Realization dawned in Nina’s eyes. “Jason you’re a genius! All I have to do is go in a bit faster and I’ll go back farther than we went, and can be waiting for us when we come through! Of course!”

“Now wait a minute, Babe,” he cautioned. “This is all purely conjecture. I don’t want you to go traipsing off into the past without me.”

“One thing I didn’t tell you,” Nina said. “The vampire in INVERTER? That was Namer, not the one I had the geeks design. And remember what he said: ‘Come to me, Little Nina; I wait for you. Time has sealed the rift.’

“That was the vampire you’ve been chasing?” Jason looked startled. “What did he mean, time has sealed the rift? What was he doing here, if he ceased to exist? Now I’m confused.”

“Let’s drink another beer,” Nina smiled, patting his hand. “And try not to worry about it. Tomorrow is another day.”

“Tomorrow we go time traveling.” Jason asserted happily.

“No, I go time traveling,” Nina said slowly. “If anyone goes back at all.”


I came too far, Nina thought, staring at a youthful Talon, the face so achingly familiar, and yet strange to her. How much do I tell him? Is it really Talon?

“You are Talon,” she said as his eyes appraised her with a cold, calculating perusal. His hand kept feeling for something close to his heart, something that wasn’t there.

A crucifix.

Nina stepped back and did a swinging back kick, hoping she wasn’t wrong. But the youth in front of her moved like lightning, caught her ankle, turned her, pivoted, and in the same fluid movement kicked her other leg out from under her. She landed on the gravel drive and leaped to her feet, assured now.
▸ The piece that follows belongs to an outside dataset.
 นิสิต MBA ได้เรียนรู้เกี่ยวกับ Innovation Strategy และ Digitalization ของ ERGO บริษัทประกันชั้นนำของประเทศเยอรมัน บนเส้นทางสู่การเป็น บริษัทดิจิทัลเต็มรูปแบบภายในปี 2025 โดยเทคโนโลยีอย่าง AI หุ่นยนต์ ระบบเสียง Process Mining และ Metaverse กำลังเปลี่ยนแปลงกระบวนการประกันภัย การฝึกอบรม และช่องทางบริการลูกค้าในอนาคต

Talon was staring at her in amazement.

“Yes, you are Talon. Would you like to know where you learned to do that?”

He could still only stare at her, and in his eyes she saw his desire to be far from her.
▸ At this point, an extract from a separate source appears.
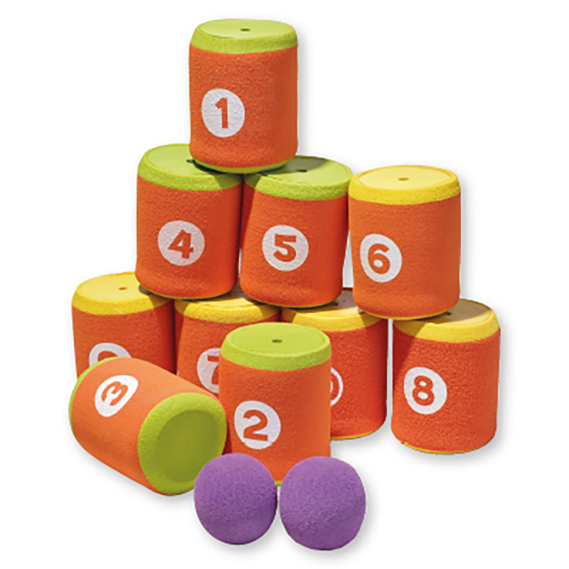 Dosenwerfen ohne Scheppern. Das altbekannte Spiel, das weder auf dem Volksfest noch im Kindergarten, zum Kindergeburtstag oder in der Vorschule fehlen darf. Mit Spass und auf spielerische Art und Weise wird Wurftechnik und Konzentration bei den Kindern gefördert. Dank der weichen Ummantelung aus Schaumgummi fallen die Dosen ohne grossen Lärm um. Das schont die Nerven von Kindergärtnerinnen und Erwachsenen. Dosenwerfen macht Kindern Spass und ist Drinnen und Draussen geeignet.

Nina held out her hand and he took it hesitantly, but his grip was strong and sure.

“My name is Nina,” she said.

There was no response to the name, and she thought, Of course not; he won’t meet me for many years, if he ever does.

At that moment someone came out the door of the house behind Talon, crossed the porch and stopped by the steps; a woman, barely more than a girl. She was beautiful, tall and lithe with shiny red hair, and obviously pregnant.
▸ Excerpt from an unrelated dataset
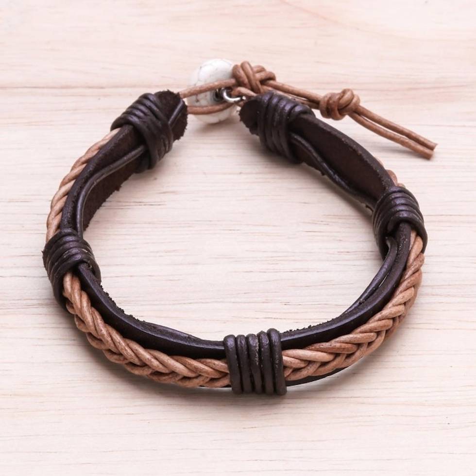 Leather Wristband Bracelet with Braided Accent in Dark Brown 'Perfect Style in Light Brown' Item ID: 2671798446

“Honey, is everything all right?” she asked as Talon turned toward her. “I have a bad feeling.”

“No, baby girl, everything is fine,” he assured her. “I’ll be right in.”

He turned to Nina, slightly flustered, and she didn’t need to be a mind reader to know what was on his mind.

“Goodbye, Talon,” she said, forcing a smile. “Maybe some other time.”

Nina turned away, head bowed, and began the long walk back to the portal.

He’s happy, and they’re going to have a child. I cannot ruin his life, nor change his past. I must return to my own time and forget I ever knew a man called Talon.